How Assembled shipped GPT-5 support within two hours of launch
Early in Assembled's development, routing all inference through a single model created a single point of failure that caused outages; new model releases required downstream service code changes, making rapid integration impractical.
Routing all inference to a single model caused production outages, forcing the team to rethink the architecture.
OpenAI launched GPT-5 at 10 AM PT; by 12 PM it had cleared Assembled's evaluation harness and appeared as a toggle in every customer dashboard—a two-hour turnaround.
Frequently asked questions
What did this team achieve with this AI workflow?
OpenAI launched GPT-5 at 10 AM PT; by 12 PM it had cleared Assembled's evaluation harness and appeared as a toggle in every customer dashboard—a two-hour turnaround.

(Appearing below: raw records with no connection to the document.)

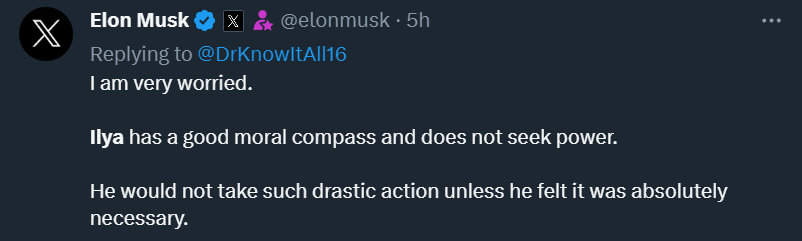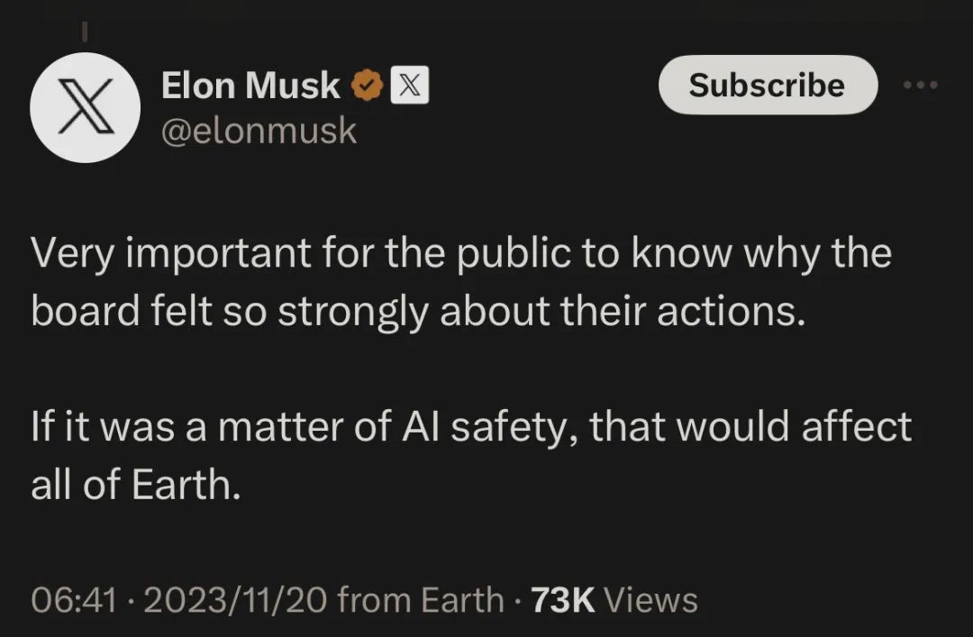 有趣的是,作为 OpenAI 前董事会成员的马斯克也就 Altman 被开除一事发表了看法。不过,他关注的是该事件背后的真正原因。他说,「OpenAI 应该向公众解释他们罢免 Sam Altman 的原因。如果事关 AI 安全,那将会影响全世界。」他还提到,「Ilya 有着良好的道德准则,并且不热衷权力。除非他觉得绝对有必要,否则他是不会采取这种极端行动的。」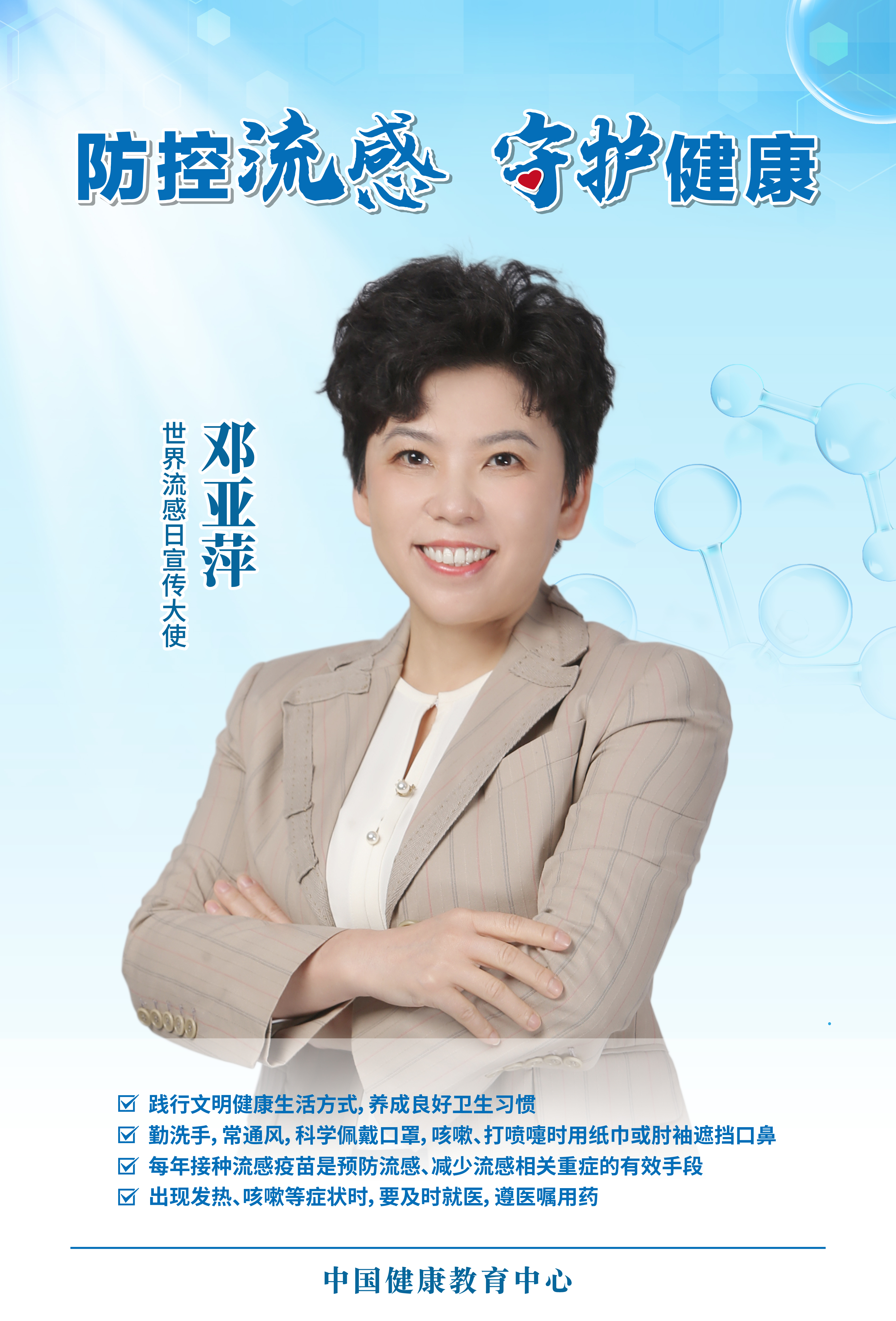中国健康教育中心整理既往开发的邓亚萍和鞠萍参与的流感防控主题系列宣传海报,再次发布,以普及流感防护的健康知识,倡导健康生活方式,呼吁全社会关注、重视流感防控,守护健康。欢迎各地各机构传播使用。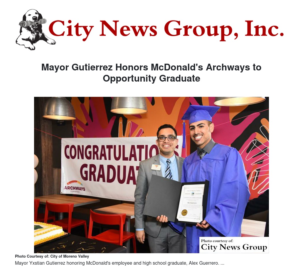 MORENO VALLEY>> On Thursday, April 27, Moreno Valley City Mayor Yxstian Gutierrez recently honored McDonald’s employee and Moreno Valley resident Alex Guerrero for earning his high school diploma through McDonald’s Archways to Opportunity program.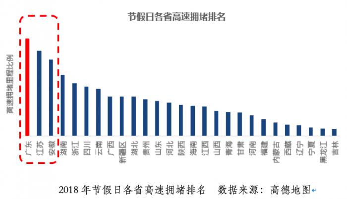 其中,高速拥堵排名前三的省份是广东省、江苏省、安徽省,而吉林、黑龙江、宁夏高速相对畅通。

What tools did this team use?
GPT-5, LLM-as-a-judge, OpenAI.
What results were reported?
Model integration turnaround: two-hour turnaround; Time from launch to customer availability: 10 AM PT to 12 PM (source-reported, not independently verified).
What failed first in this deployment?
Routing all inference to a single model caused production outages, forcing the team to rethink the architecture.
How is this customer support AI workflow structured?
Monitor release signals → Pre-stage model config → Domain-specific eval suites → LLM-as-a-judge scoring → Human evaluation check → Provider-agnostic router swap → Customer dashboard toggle.